Troubleshooting Best Practices: Monitoring the Production Database Without Killing Performance


Please watch Percona’s Principal Support Engineer Sveta Smirnova as she presents Troubleshooting Best Practices Monitoring and Don’t Kill Your Production.

During the MySQL Troubleshooting webinar series, I covered many monitoring and logging tools such as: 

- General, slow, audit, binary, error log files 
- Performance Schema 
- Information Schema 
- System variables 
- Linux utilities 
- InnoDB monitors 
- PMM 

However, I did not spend much time on the impact these instruments have on overall MySQL performance. And they do have an impact. 

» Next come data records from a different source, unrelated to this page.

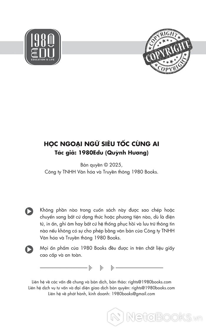 Sách Học Ngoại Ngữ Siêu Tốc Cùng AI của tác giả 1980Edu (Quỳnh Hương), có bán tại Nhà sách online NetaBooks với ưu đãi Bao sách miễn phí và Gian hàng NetaBooks tại Tiki với ưu đãi Bao sách miễn phí và tặng Bookmark
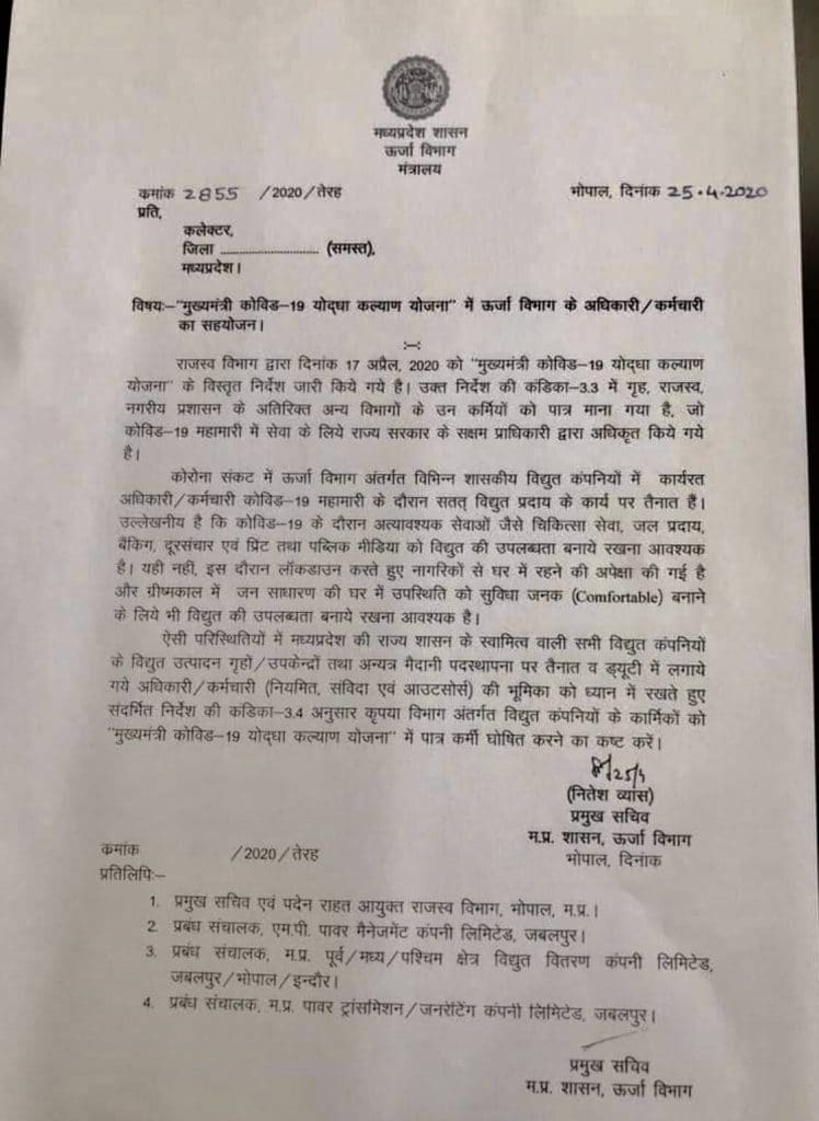 दरअसल, प्रमुख सचिव ऊर्जा नितेश व्यास ने सभी कलेक्टरों को पत्र भेजकर कहा है कि ऊर्जा विभाग के अधिकारियों और कर्मचारियों को भी ‘मुख्यमंत्री कोविड-19 योद्धा कल्याण योजना’ में शामिल किया जाए। उन्होंने कहा है कि राज्य शासन के स्वामित्व वाली सभी विद्युत कम्पनियों के विद्युत उत्पादन गृहों, उप केन्द्रों और अन्यत्र मैदानी पदस्थापना पर तैनात एवं ड्यूटी में लगाये गए अधिकारियों-कर्मचारियों (नियमित, संविदा तथा आउटसोर्स) की भूमिका को ध्यान में रखते हुए उन्हें मुख्यमंत्री कोविड-19 योद्धा कल्याण योजना में शामिल करें। योजना के निर्देशों में इस तरह का प्रावधान (कंडिका-3.4) है।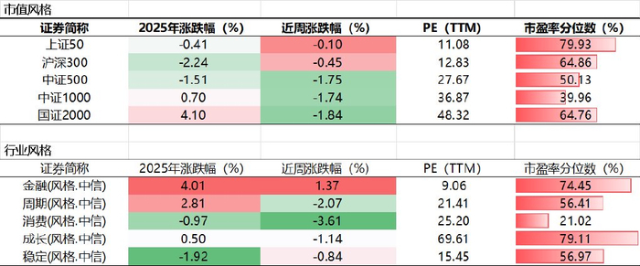 A股整体下探,大盘风格明显优于小盘风格,国证2000跌幅最大为-1.84%。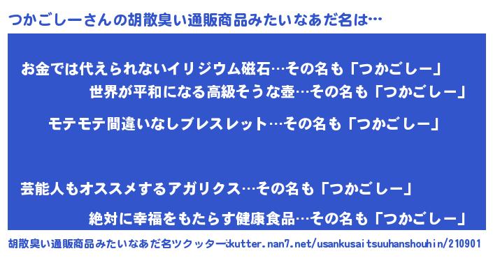 | 男性向けラノベタイトル風あだ名 | 『つかごしーに滅ぼされるだけの簡単なお仕事です』 |
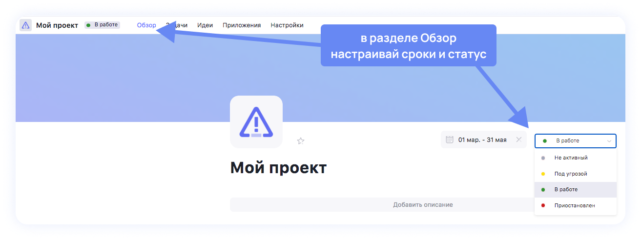 Первый уровень планирования сроков — в настройке проекта. Заходи в раздел Обзор на верхней панели проекта. Там в поле даты настрой сроки. Идеально, если проект очерчен временными рамками.

And this is the conflict many people face. MySQL Server users try exploring these monitoring instruments, see that they slow down their installations, and turn them off. This is unfortunate. If the instrument that can help you resolve a problem is OFF, you won’t have good and necessary information to help understand when, how and why the issue occurred. In the best case, you’ll re-enable instrumentation and wait for the next disaster occurrence. In the worst case, you try various fix options without any real knowledge if they solve the problem or not. 

This is why it is important to understand what impact monitoring tools have on your database, and how to minimize it. 

In this webinar, I cover why certain monitoring tools affect performance, and how to minimize the impact without turning the instrument off. You will learn how to monitor safely and effectively.